An wen denken Sie, wenn Sie das hören? An die Hirten in der Kirche? An Pastoren, Pfarrer, Bischöfe? Gott lässt im Hesekiel-Buch den Leitfiguren damals ausrichten: „Ihr nehmt euren Hirtenauftrag nicht ernst. Ihr lasst das Volk in die Irre gehen.“

Was würden Sie Ihrem Pastor, Ihrer Pfarrerin oder einer Kirchenleitung heute sagen wollen? Wobei wir jetzt den Horizont weiten müssen. In der Bibel sind mit Hirten nicht nur Amtsträger in der Kirche gemeint, sondern alle, die irgendwie für andere Men­schen Verant­wortung tragen. Solche, die auf andere sehen und für sie sorgen sollen. Sie haben einen Hirtenauftrag. Dazu gehören Eltern und Lehrer, Erzieherinnen und Sozialarbeiter, Verantwortliche in der Seelsorge, Beratung, Pflege. Und natürlich in der Politik.

Ihnen zeigt der Prophet: Gott ist es nicht gleichgültig, wie sie ihr Hirtenamt wahrnehmen, ob in großen oder im kleinen Lebensbereichen, in der Kirche und außerhalb.

Die Gefahr heißt: Dass Hirten sich selber weiden. Die Gefahr zieht sich durch alle Jahrhunderte, dass Leitungsverantwortliche selbst­gefällig werden. Zuerst um sich selbst besorgt, auf den eigenen Nutzen bedacht. Heißt ihre erste Motivation Pflege der eigenen Ehre? Die Bibel bringt es auf den Punkt: wenn Hirten sich selbst weiden, dann werden sie un­gerecht, fragen nicht mehr nach Gottes Geboten, lassen die Schwachen links liegen. Von Machtgier und Geldhunger getrieben wachsen Korruption und Betrügereien. Das können wir bei Hesekiel nachlesen – und Beispiele dafür in der Tageszeitung.

Und was folgt nun daraus? Bleibt es bei der Mahnrede Gottes? Endet sie in der Anklage? Nein, Gottes Rede geht weiter. Und zwar in einem ganz anderen Ton. Sie endet nicht in Vorwürfen, sondern in Hoffnung.

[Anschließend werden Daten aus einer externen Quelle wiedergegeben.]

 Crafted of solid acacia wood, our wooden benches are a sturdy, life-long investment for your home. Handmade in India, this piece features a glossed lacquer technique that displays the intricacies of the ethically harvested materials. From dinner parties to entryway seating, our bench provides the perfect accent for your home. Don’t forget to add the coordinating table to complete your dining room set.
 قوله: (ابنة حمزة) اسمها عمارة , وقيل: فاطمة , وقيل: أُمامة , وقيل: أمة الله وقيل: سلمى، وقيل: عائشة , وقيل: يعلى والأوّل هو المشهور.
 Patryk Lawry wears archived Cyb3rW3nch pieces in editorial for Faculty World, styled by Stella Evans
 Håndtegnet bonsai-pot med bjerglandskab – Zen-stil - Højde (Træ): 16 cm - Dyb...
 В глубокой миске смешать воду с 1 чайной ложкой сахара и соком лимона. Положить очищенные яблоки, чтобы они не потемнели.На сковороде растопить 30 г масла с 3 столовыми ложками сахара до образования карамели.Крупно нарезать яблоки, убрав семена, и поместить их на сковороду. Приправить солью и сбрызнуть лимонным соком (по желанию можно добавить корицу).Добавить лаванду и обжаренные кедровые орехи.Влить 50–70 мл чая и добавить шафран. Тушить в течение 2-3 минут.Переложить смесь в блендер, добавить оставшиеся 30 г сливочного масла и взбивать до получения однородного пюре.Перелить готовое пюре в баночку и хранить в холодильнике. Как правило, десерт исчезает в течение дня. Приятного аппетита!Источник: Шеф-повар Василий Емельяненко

Sie mündet in Gottes Zusage: „Ich will mich meiner Herde selbst annehmen und sie weiden. Ich will das Verlorene suchen und das Verirrte wieder heimbringen.“

Gott selbst engagiert sich als Hirte. Er winkt nicht nur von Weitem, sondern er will selbst weiden. Er will Durstige zum frischen Wasser führen. Die nach Hilfe und Liebe Hungrigen leitet er dorthin, wo es neue Kraft gibt. Gott hat in Jesus Christus Hirtenhand und -fuß bekommen. Er, der gute Hirte, ging auf die Suche nach denen, die sich im Gestrüpp von Leid und Schuld verheddert haben. Er lässt verlorene Schafe nicht links liegen. Ihm sind Verwundete nicht egal. So will Jesus der gute Hirte sein – auch heute.

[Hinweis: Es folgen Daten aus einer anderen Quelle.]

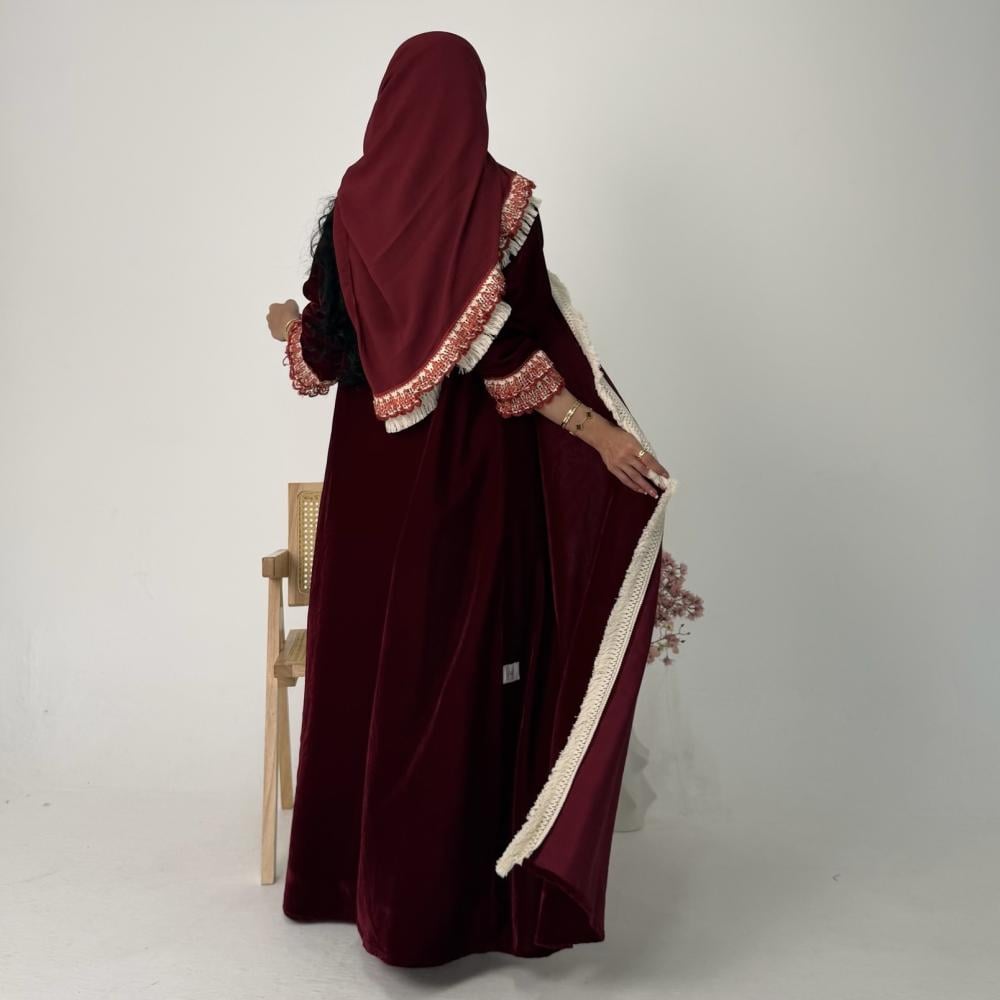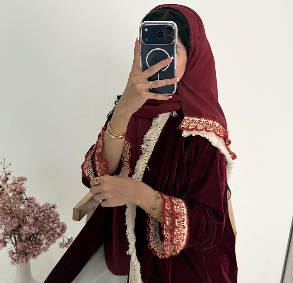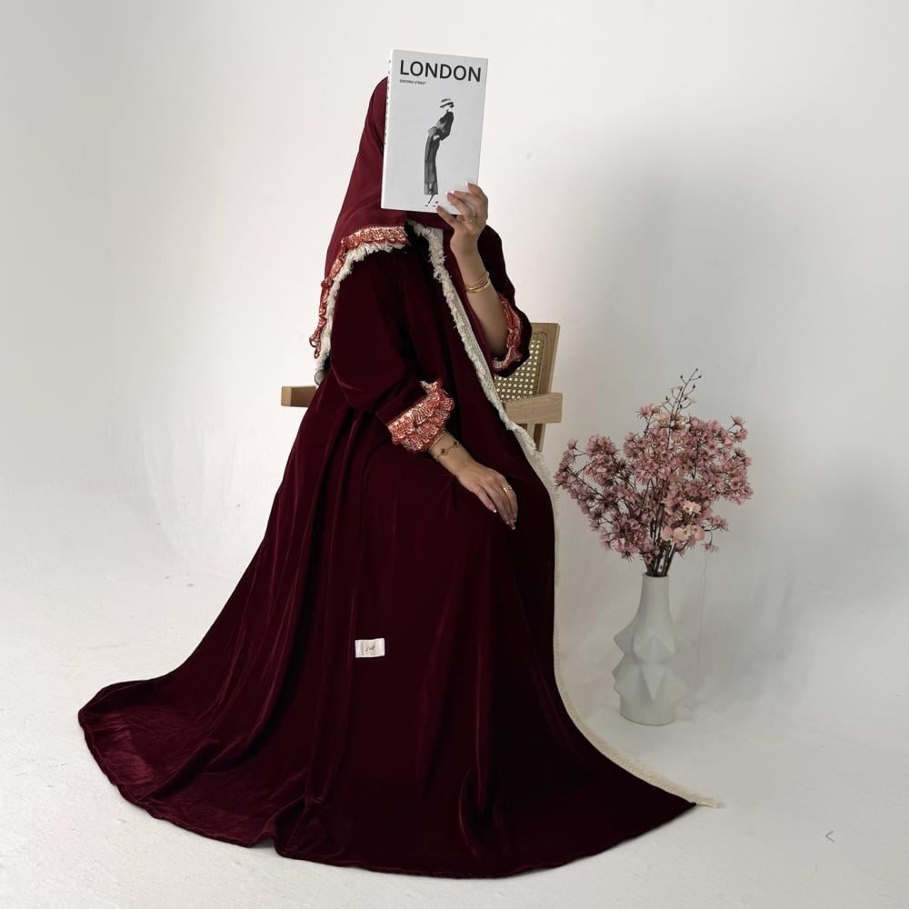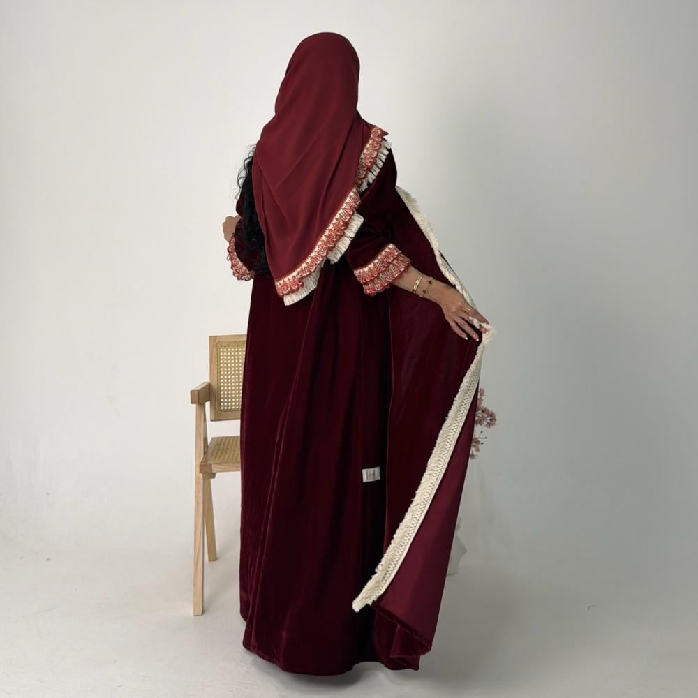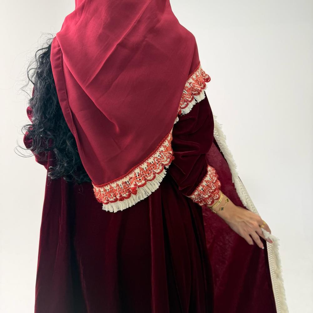 - مخمل كوري عنابي | الكم كلفه كروشيه | هدب بيج من الامام جهه واحده | الطرحه شيفون بطرف كلفه وهدب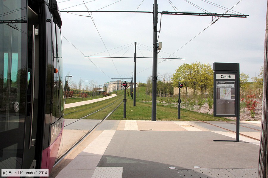 | Straßenbahn Dijon - Anlagen Haltestelle Zénith, aufgenommen am 02. April 2014. In Blickrichtung führt die Strecke zur Haltestelle Toison d'Or. Am Bahnsteig steht Triebwagen 1011 auf Linie T2 nach Chenôve Centre (links im Bild). Die Haltestelle Zénith verfügt über ein drittes Gleis. Die zugehörige Weiche wird von den beiden Weichensignalen am Bahnsteigende gesichert. Photo: Bernd Kittendorf (info@bernd-kittendorf.de) Homepage: www.bernd-kittendorf.de |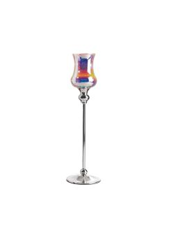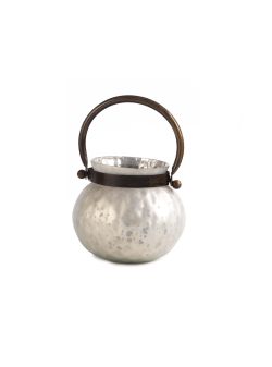 Portacandela Tondo Silver/White in Vetro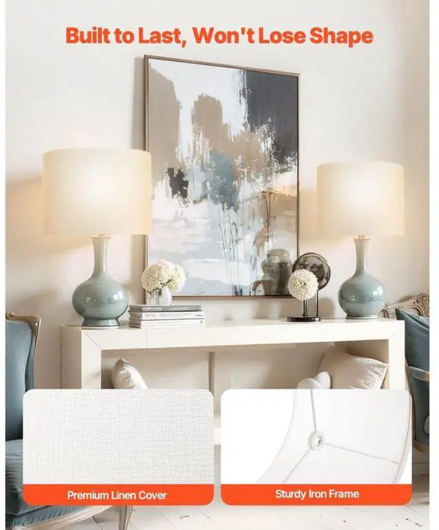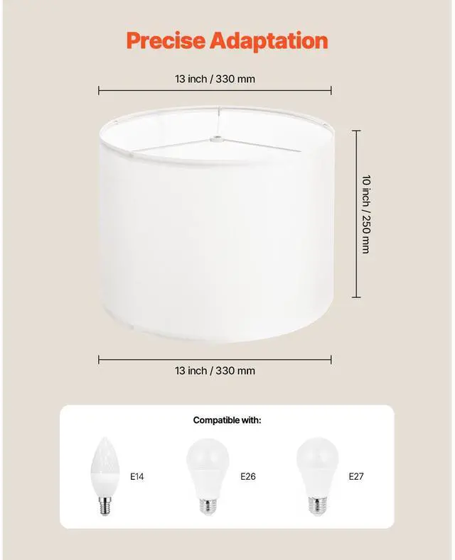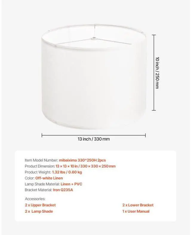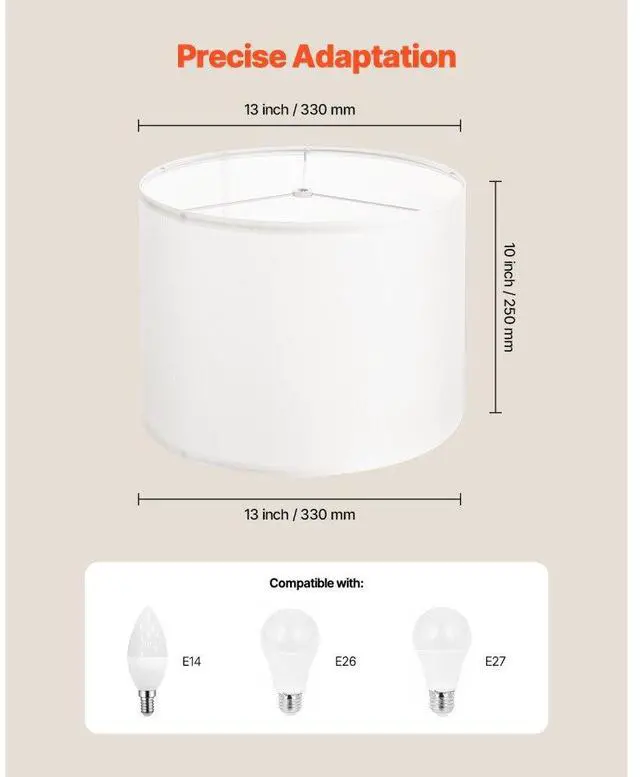 Drum Lamp Shade 2 Set 13 x 13 x 10 inches Medium Round Lampshade (Off-white) Excellent Light Diffusion Stable and Durable Ideal Fit Easy Installation Elegant Design Various Styles

Was lernen wir daraus? Mit Wir meine ich jetzt alle, die auch irgendeinen Hirtenauftrag haben. Ich denke, wir können Dreierlei lernen:

Erstens: Prüfen wir immer wieder unsere Motivation. Geht es uns um die eigene Ehre? Weiden wir uns selber? Oder erfüllen wir unseren Weideauftrag für andere – und damit auch für Gott?

Zweitens: Wir sind nicht die Höchsten. Wir haben nicht die letzte Macht. Über uns steht der, der von sich sagt: „Ich bin der gute Hirte“. Er sagt es auch für uns. In unserer Hirtenaufgabe können und sollen wir uns von ihm weiden und leiten lassen und dabei wissen: Auch in dunklen Tälern ist er bei uns.

Drittens: Bei Jesus können wir sehen, wie man Wahrheit mit Barmherzigkeit verbinden kann. Er hat Liebe geschenkt, nicht zuerst gefordert. Diese Hirtenart kann uns prägen.

Wenn Sie gerade gedacht haben: Ich sehe für mich keinerlei Hirtenaufgabe, dann möchte ich Sie ermutigen, für die Hirten, die Sie kennen, zu beten. Das ist nötig. Und solches Beten ist dann auch schon ein wichtiger Hirtendienst.